- Your assignment -
Your task is to reproduce exactly the lines from the one containing "P44 Inline Keyboard" through the last line below, both ends included, and nothing else, with no pictures.

- Dataset section -
────────────────────
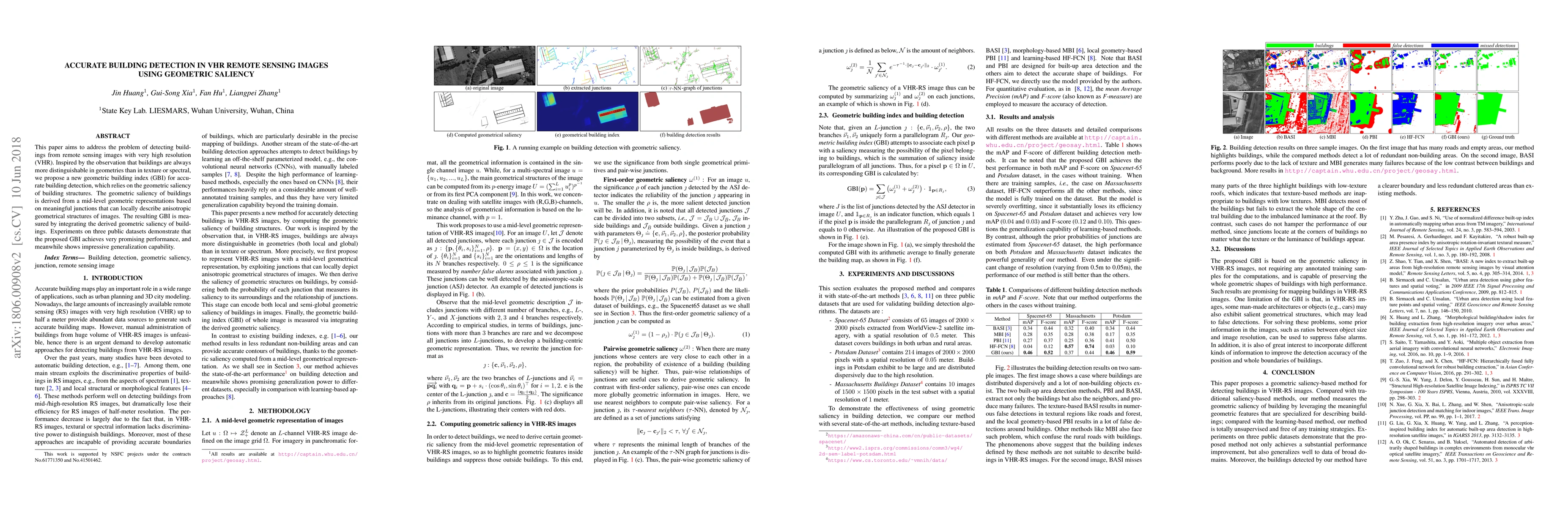 This paper proposes a new geometric building index (GBI) for accurate detection of buildings in very high-resolution remote sensing images, leveraging geometric saliency derived from meaningful junctions. Experiments show that the GBI achieves promising results and demonstrates strong generalization capability.
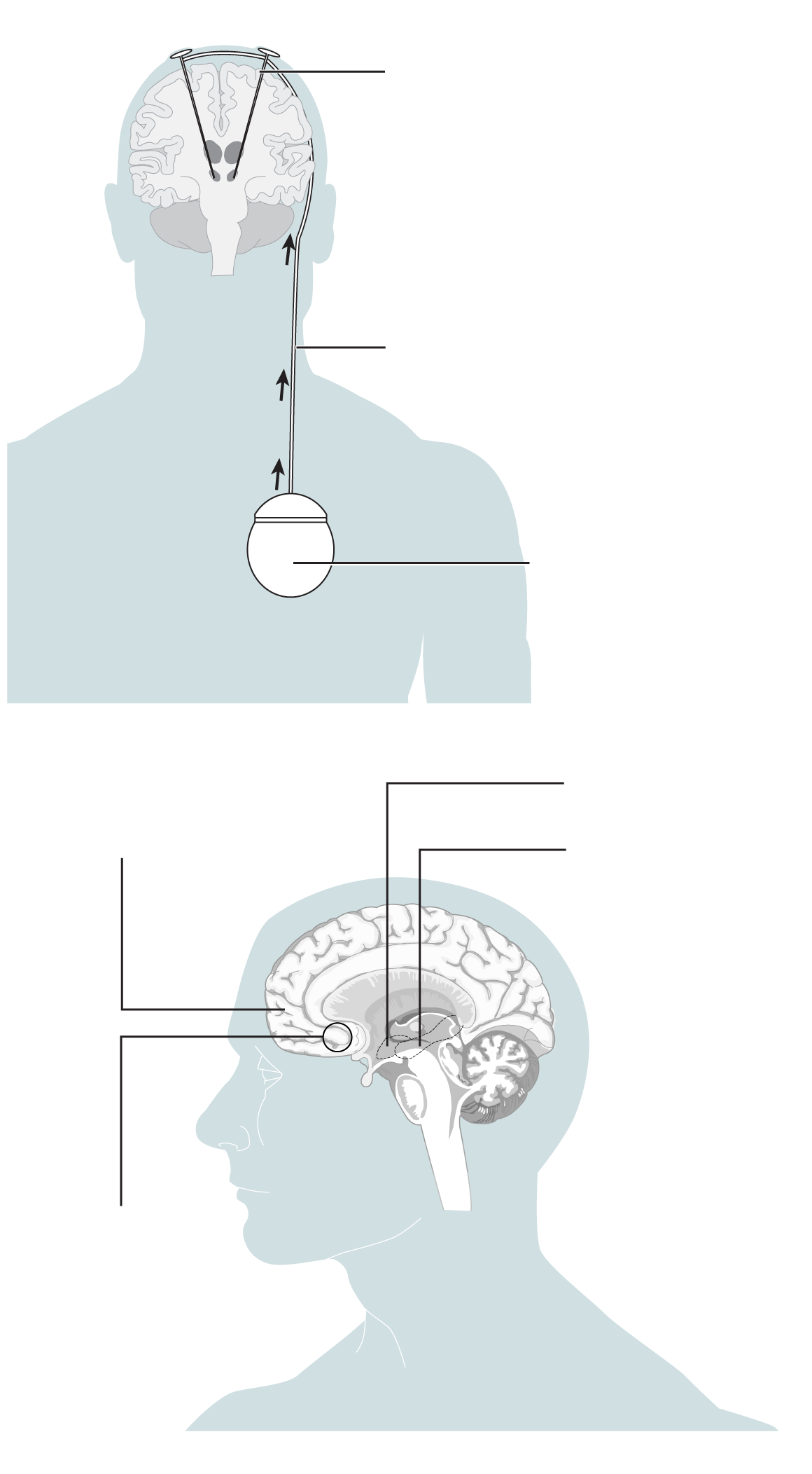 are inserted about 6 cm into the brain
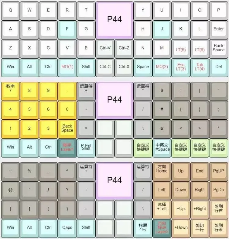 P44 Inline Keyboard Custom 44keys 1U RGB Orthogonal Wired Mechanical Keyboard QMK VIA Aluminium Office Gaming Simple Keyboard
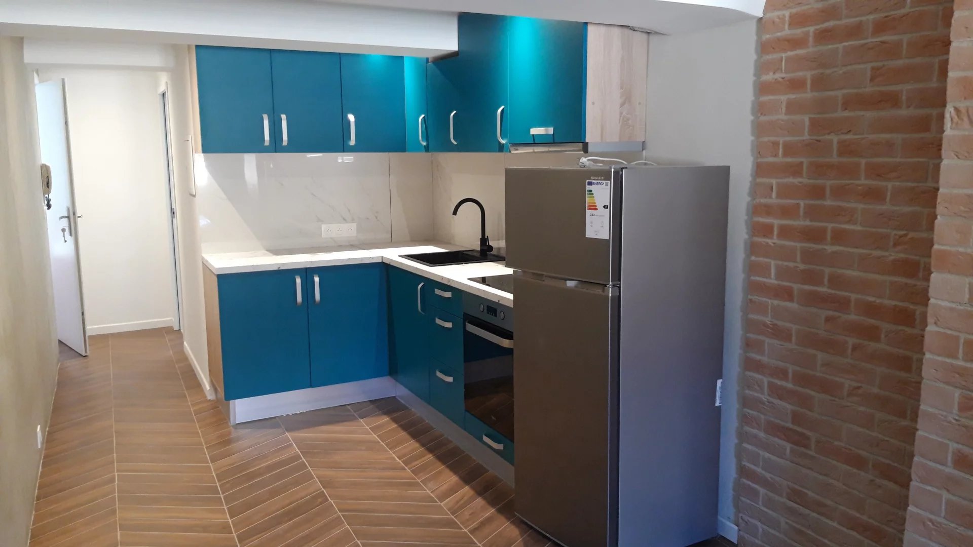 Studio meublé de 23 m² au 4ème étage ENTIERMENT RENOVE AVEC GOUT comprenant entrée, séjour/chambre avec cuisine équipée (plaques cuisson, hotte, réfrigérateur, lave-linge...).
────────────────────
- Task solution -
 P44 Inline Keyboard Custom 44keys 1U RGB Orthogonal Wired Mechanical Keyboard QMK VIA Aluminium Office Gaming Simple Keyboard
 Studio meublé de 23 m² au 4ème étage ENTIERMENT RENOVE AVEC GOUT comprenant entrée, séjour/chambre avec cuisine équipée (plaques cuisson, hotte, réfrigérateur, lave-linge...).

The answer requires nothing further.